TASK INSTRUCTIONS: With any pictures left out, restate word for word the lines in the listing below from the one holding "منهج الصف السادس الابتدائي الترم الأول 2020" through the last.
▬▬▬▬▬▬▬▬▬▬
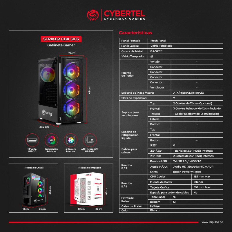 Cybertel / Gabinetes / CYB - Cybermax Rainbow 4 FAN ATX/MATX
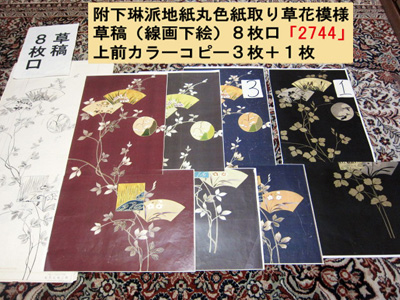 附下着尺用・琳派地紙丸色紙取り草花「2744」 下絵(線画草稿)8枚と上前カラーコピー4枚+1枚 販売価格15000円(税・送料込み) |
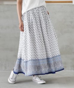 osharewalker フレアスカート ロング レディース ボトムス パネル柄 裏地付き ポケット ウエストゴム コットン100% 薄手 カジュアル きれいめ 春 夏「メール便不可」「20」
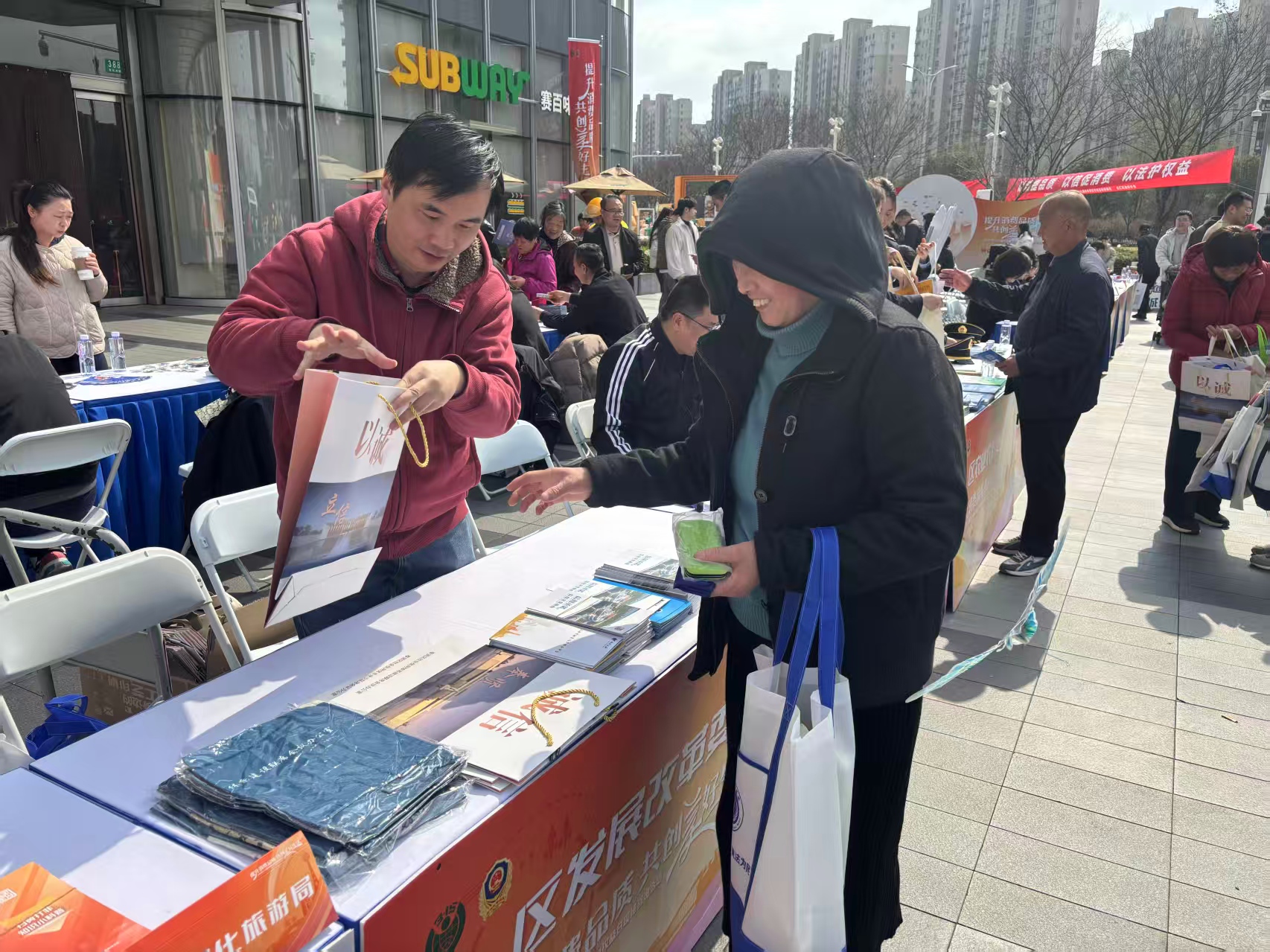 活动现场,区发展改革委工作人员在人流密集的核心商圈布设宣传点位,悬挂主题横幅,分发宣传手册,聚焦群众关切的消费领域信用热点、难点问题,热情接待每一位咨询群众。
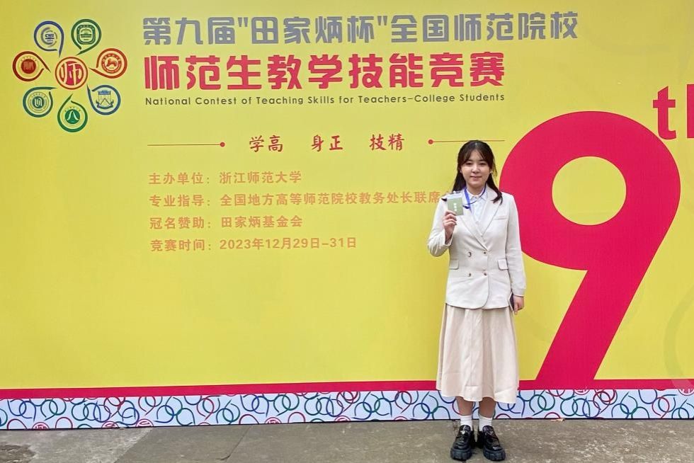 近日,第九屆“田家炳杯”全國師范院校師范生教學技能競賽總決賽在浙江師范大學舉辦。數學與物理學院2021級數學與應用數學1班的韋柳伶同學入圍全國前10%,獲得全國一等獎(全國數學學科獲一等獎人數僅17人)。
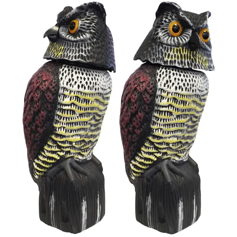 Green-it fugleskræmmer ugle med 360° roterende hovedFugleskræmsel med 360° roterende hoved, udformet som en ugle, som beskytter din have, taget, jordbærbedet, urtehaven, moreltræet og andre afgrøder mod skadedyr. Det roterende hoved gynger i vinden for
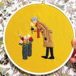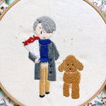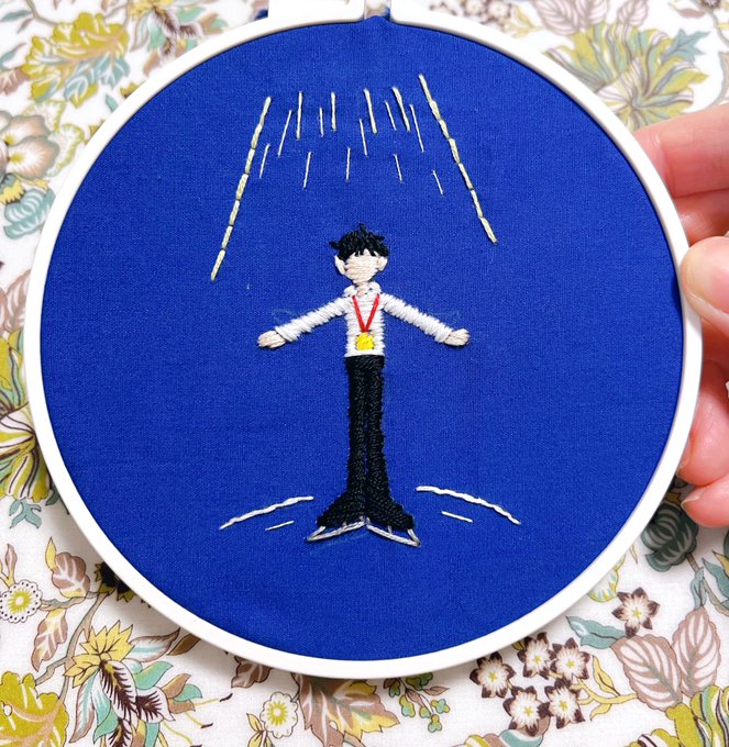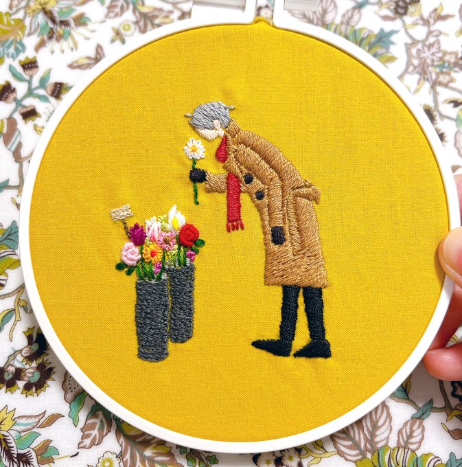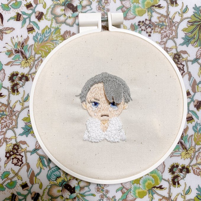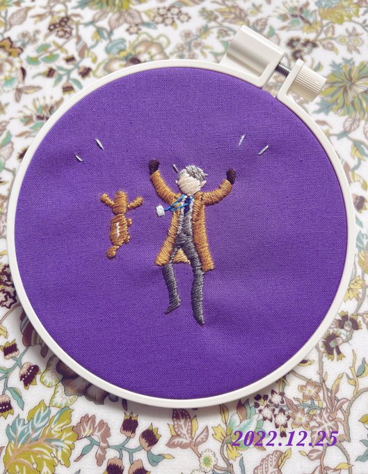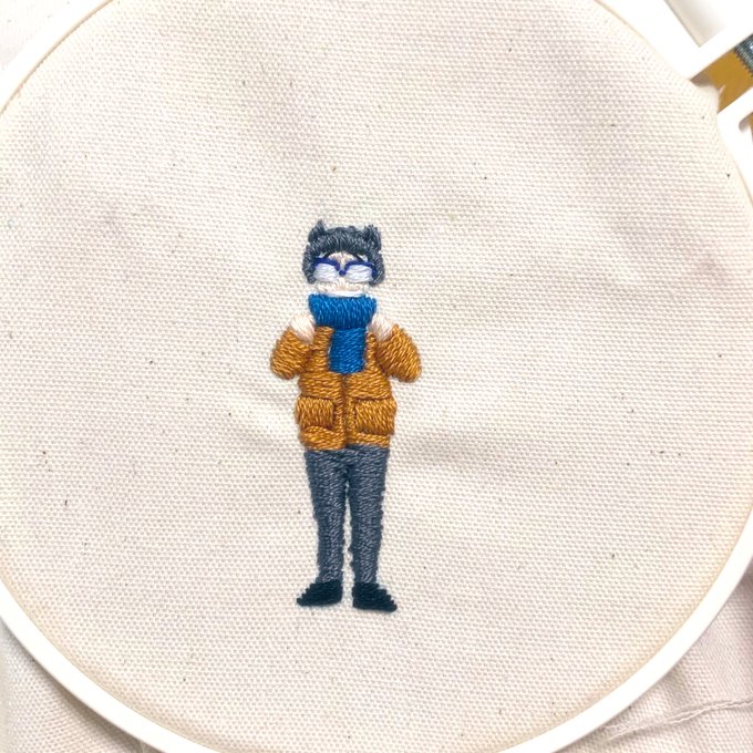 55 267 ハナさん@monya_hana のイラストをモチーフに刺繍させて頂きました。 まず一つ目は背景カラーを合わせて。 twitter.com/monya_hana/sta… 22/11/23 22:08
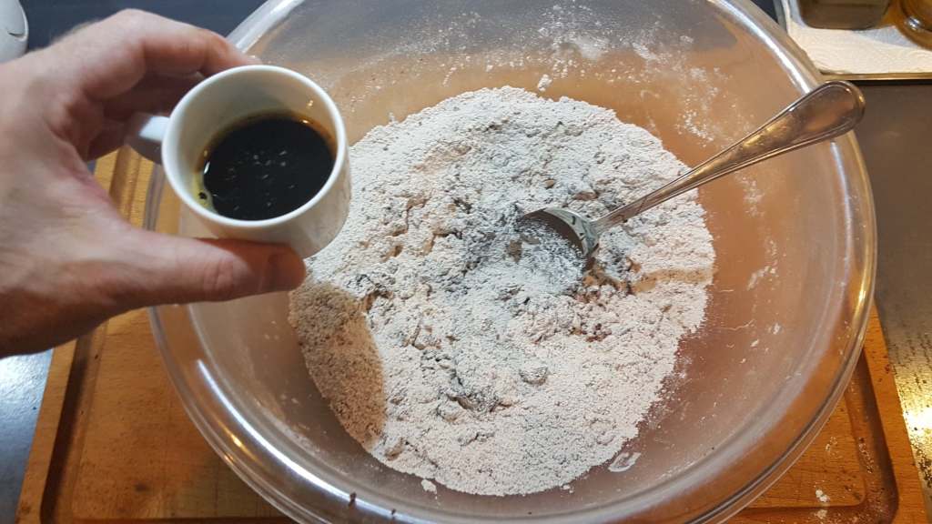 Farine blanche T45 = 300 g., sucre = 200 g. (150 + 50), chocolat noir fondant au moins 70 % = 100 g., une cueillère de cacao amer en poudre, une cuillère de cannelle en poudre, une cuillère de clous de girofle moulus, trois tasses de café espresso à l’italienne, une pincée de sel, une cuillère de bicarbonate alimentaire (ou de levure chimique), huile extra vierge, un bol de eau de fleurs d’oranger amer.
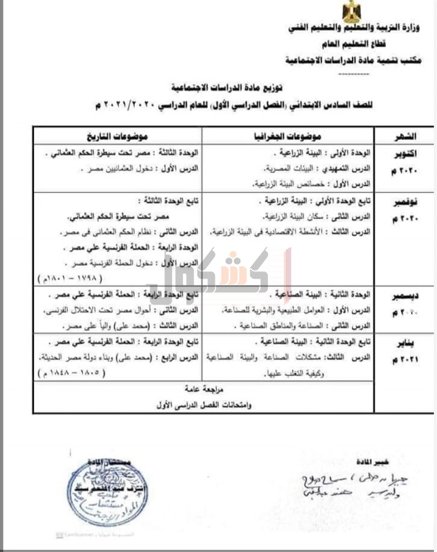 منهج الصف السادس الابتدائي الترم الأول 2020
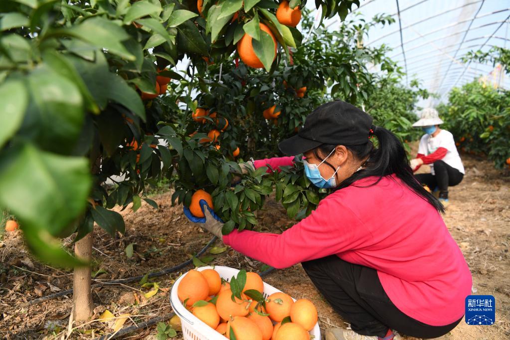 11月26日,村民在肥西縣銘傳鄉王井社區特色蔬果產業園內采摘“紅美人”柑橘。
▬▬▬▬▬▬▬▬▬▬
EXERCISE RESULT:
 منهج الصف السادس الابتدائي الترم الأول 2020
 11月26日,村民在肥西縣銘傳鄉王井社區特色蔬果產業園內采摘“紅美人”柑橘。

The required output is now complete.